Lower Merion Citizens for Responsible Budgeting

 

Letter to Editor Mainline Life Re: Open Government

August 29, 2007

To the Editor:

     Chalk up a win for closed government and record a loss for transparency. So far at least, Lower Merion taxpayers have come out on the losing end of another struggle over transparency in local government, in this case, the public’s request for the release of the long-range budget projections that township staff provides to the commissioners.

     In Township Manager Doug Cleland’s Nov. 10, 2006 Budget Message, he states: “One of the more important financial management practices, updating current and long-range financial projections, provides the Board of Commissioners an opportunity to make policy decisions, while understanding the long-range impact on our finances.” (Page M-31). Unfortunately transparency and public input are seemingly not so important and you, the taxpayer, are not also entitled to “understanding the long-range impact” on your property taxes.

     On Aug, 9, Citizens for Responsible Budgeting (“CRB”- www.lmcrb.org) requested the release of these projection documents. CRB is concerned that some commissioners have in the past and may continue to base current year tax decisions on these non-publicly disclosed long-range spending projections. If commissioners are raising taxes out of concern for future spending needs, taxpayers deserve to see the long-range projections.

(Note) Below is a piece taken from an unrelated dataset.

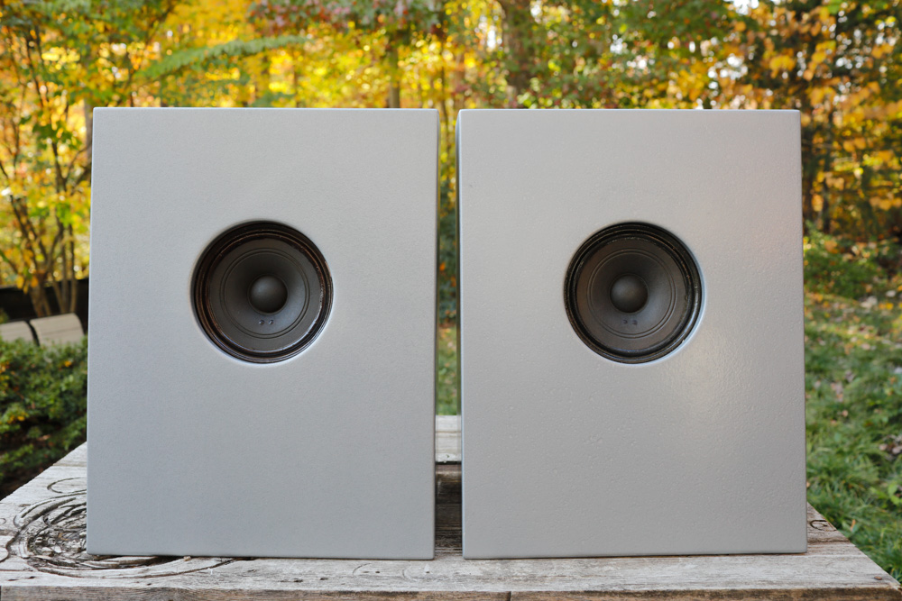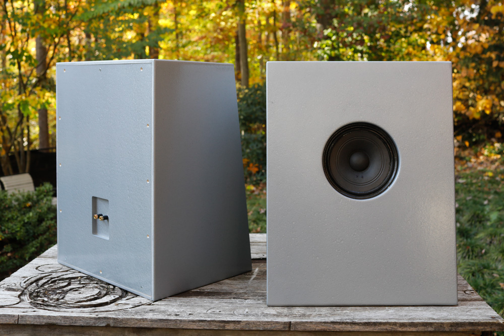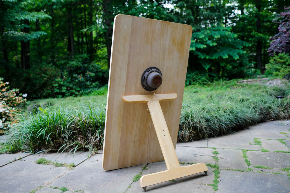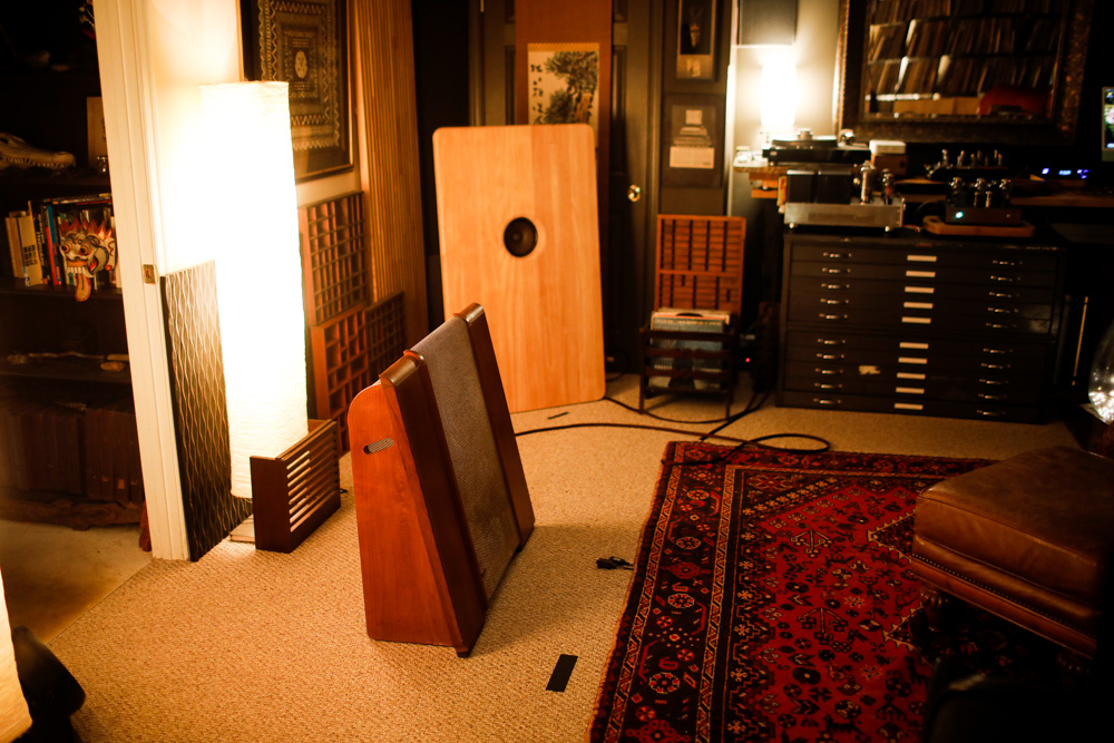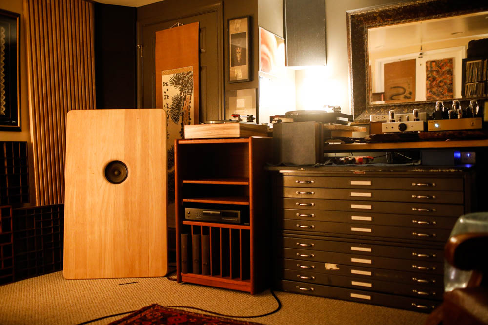 Here is the driver in an Altec 618 cabinet clone. This is a standard application for this driver, but I found it inferior to the open baffle sound of the Telefunken cabinet or the simple maple butcher block. |

  We know the long-range projections exist; Manager Cleland referenced them in the 2007 Budget Documents and commissioners have publicly spoken about them. We know some commissioners weighed the long-range projections as they voted to raise taxes last December. What we do not know is why township staff is withholding them. On Aug. 24, CRB received the township staff’s response: “We discussed your request with the Township Solicitor for you to be provided a copy of the budget projections for 2008 and beyond. Longer-term financial projections are informally prepared by staff for internal use only and are therefore not public documents. We are, however, planning to include some multi-year financial projection information in our 2008 Proposed Budget document, scheduled for release in early November.” “Some multi-year financial projection information” sounds nice, but taxpayers deserve the actual long-range projections and they deserve them now. By November, the budget document will have been written; staff guidance will have been given; and the preferences of commissioners will have been established – all before any substantive public input. And it will be too late for the public to influence the tax and spend debate.

     The township is clearly providing long-range projections to our elected officials so that they can make informed decisions on matters of tax policy. The public has the same interest in being properly informed when evaluating those decisions. Simple Web searches on “City Budget projections” produces many examples of government disclosing long term projections, so why is our township concerned about releasing their documents? More importantly, where do our elected commissioners stand on withholding this information? Are they in favor of transparency, disclosure and open government, or would our elected officials prefer to keep these projections secret?

     The public is not the township’s enemy. Public input often leads to better, more reasoned, and effective outcomes. The projections are available now and should be released now. Transparency, public input and timeliness – in short: good government – requires no less.